For the first pavilion in China, the Serpentine Galleries sought the help of Liu Jiakun, Principal of JIAKUN Architects. Jiakun’s creation draws on the heritage of the Wangfujing area, as well as the 18-year history of the Serpentine Galleries.
“Working on the Serpentine Pavilion meant completing a project that requires a high-standard creativity in a limited time. Working on it in China, for me, means doing something that embodies both the Chinese spirit and a universal language,” says Jiakun.
To give the pavilion that ‘Chinese spirit’, Jiakun designed a dynamic form that resembles an archer poised to shoot an arrow from his bow. “The mechanical installation demonstrates a new structural concept: a series of layered spring steels, stacked thick at the bottom and thinner at the top, connected by bolts that play the role of ‘bow’.
Explains Liu, “Cables that work as ‘string’ pull the bow back, with the support of steel beams at the bottom as the ‘arrow’, to maintain balance.

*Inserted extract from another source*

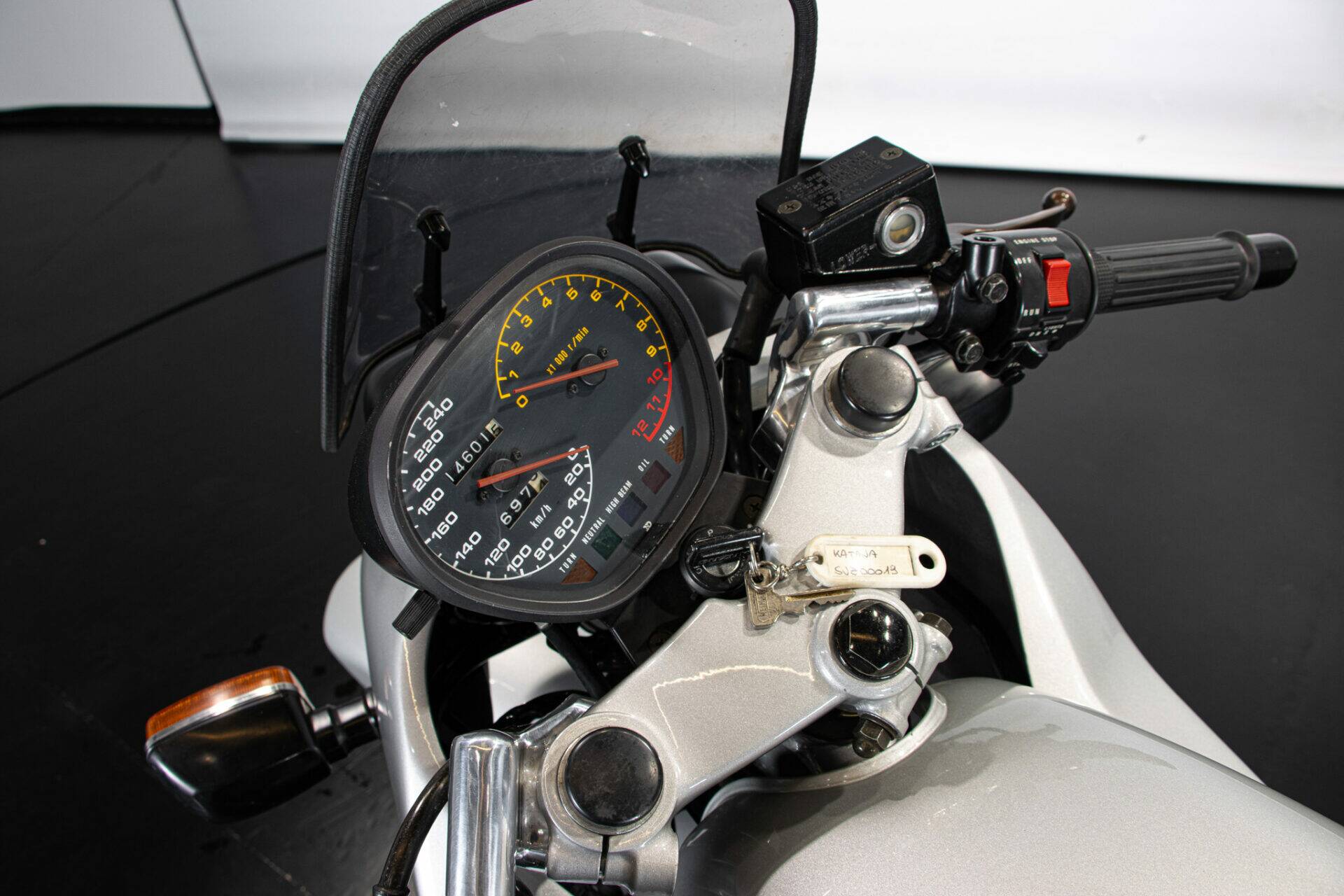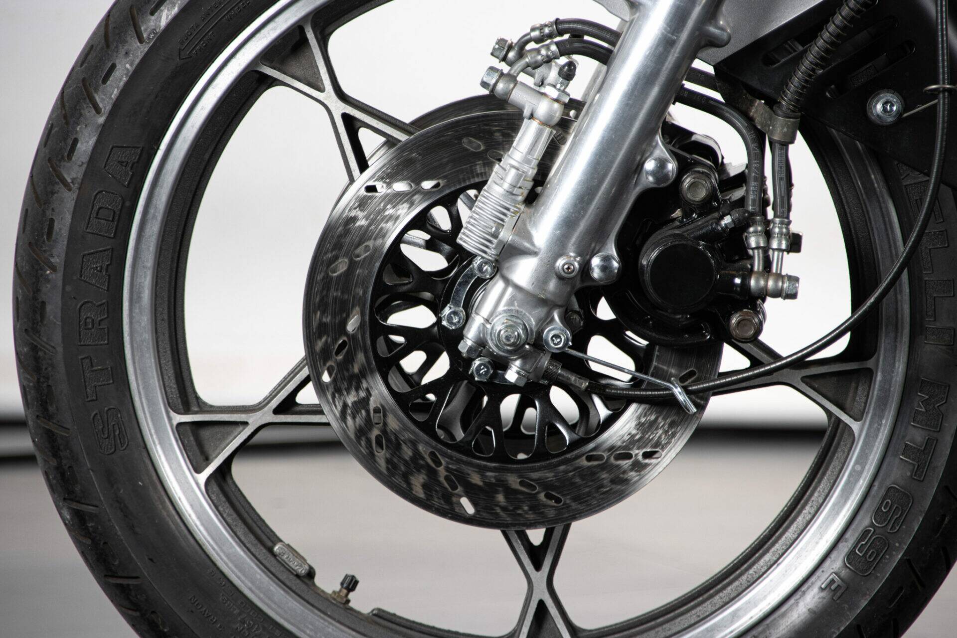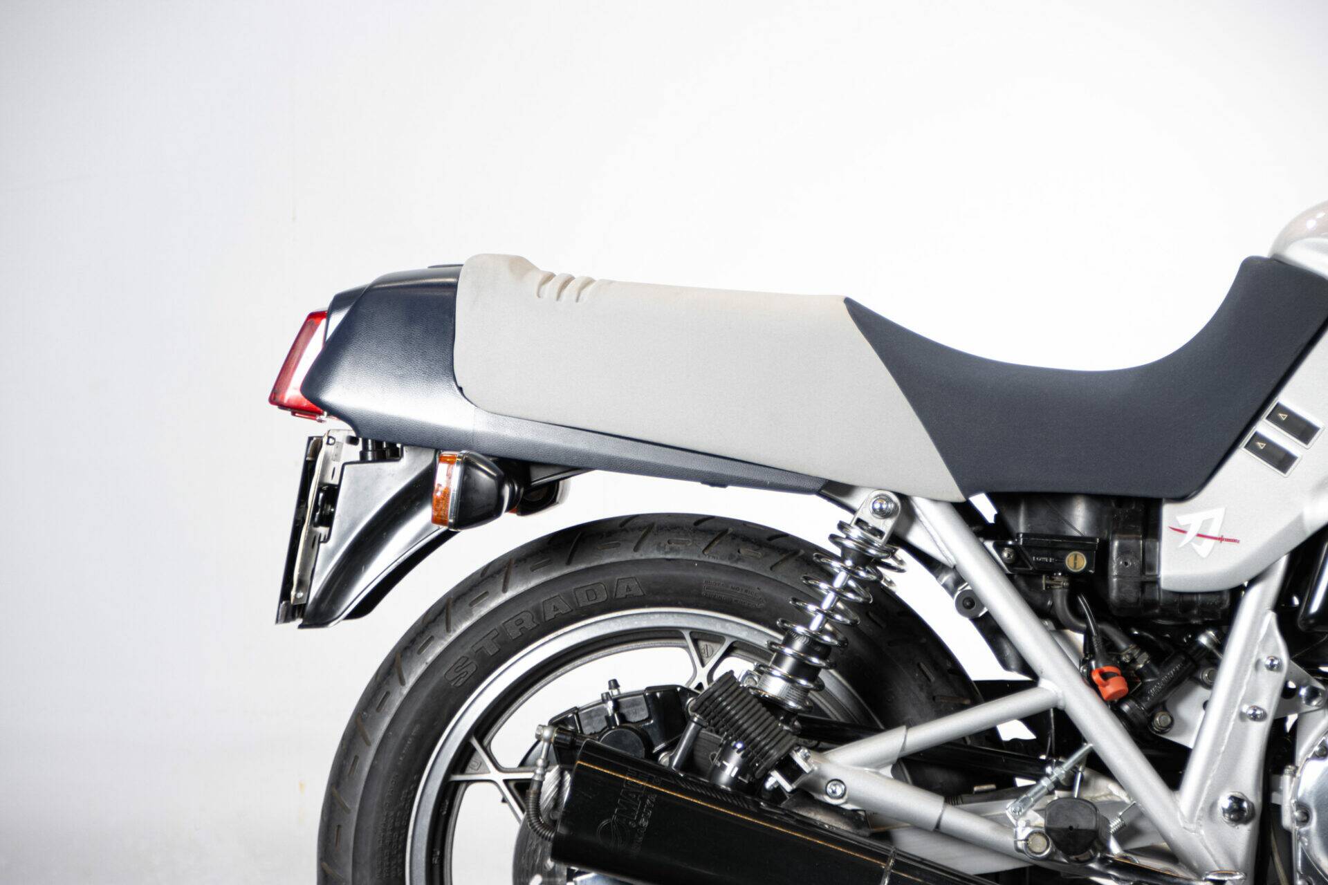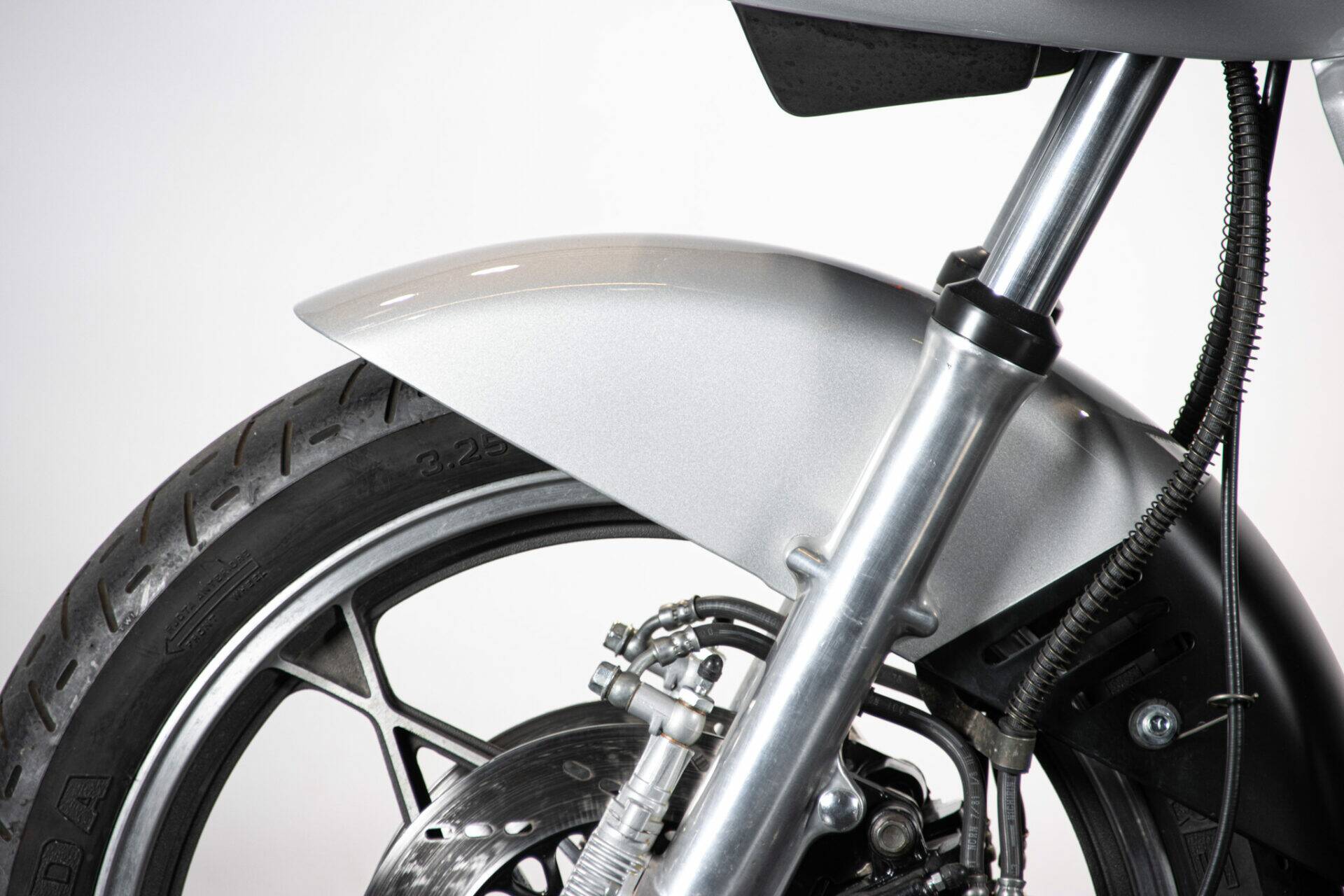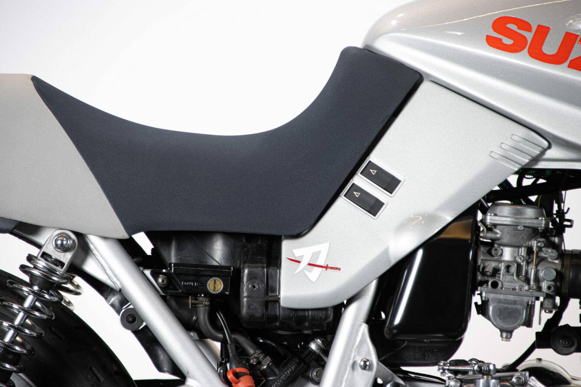 The Suzuki Katana (which takes its name from the Samurai swords) was unveiled at the Cologne Motor Show in 1980. Designed by car engineers, its very modern shape was innovative for its time. The headlight grille stands out, while the tank is coupled to the sides and the saddle, the seat is pushed far back and shaped to allow a sporting ride, while the handlebar is lowered and tilted. The 1982 Katana has greater power (111 hp at 8,500 rpm), making it an extremely fast bike. It has a four-cylinder, 16-valve, 1074 cc engine.

The elasticity and tension from the materials form an unsupported, self-stabilising structure that is full of inner energy.”
Powerful movement and balance: these elements counter each other in Jiakun’s thoughtful and precise design, making Beijing’s first Serpentine Pavilion a physical embodiment of junzi, a Confucian concept pursued by the “superior man,” says Jiakun.
The architect also drew on the form and materials of the nearby Forbidden City, paying tribute to China’s heritage. He used “jin zhuan, a special floor tile used for the Forbidden City in ancient China and fired in the southern region of the Yangtze River,” he says, and he referenced the arched forms of the Forbidden City’s roofs. “In line with the architectural design of the Forbidden City, we used anti-warping methods, echoing the cornices of China’s traditional roofs.”
The resulting structure is dynamic and beautiful in its apparent simplicity – and yet Jiakun says the sense of movement was harder to achieve than it looks. He explains, “The new structural mechanics, the ‘bow-arch structure’… seems simple, but actually, it required calculations and testing at every step of the way.”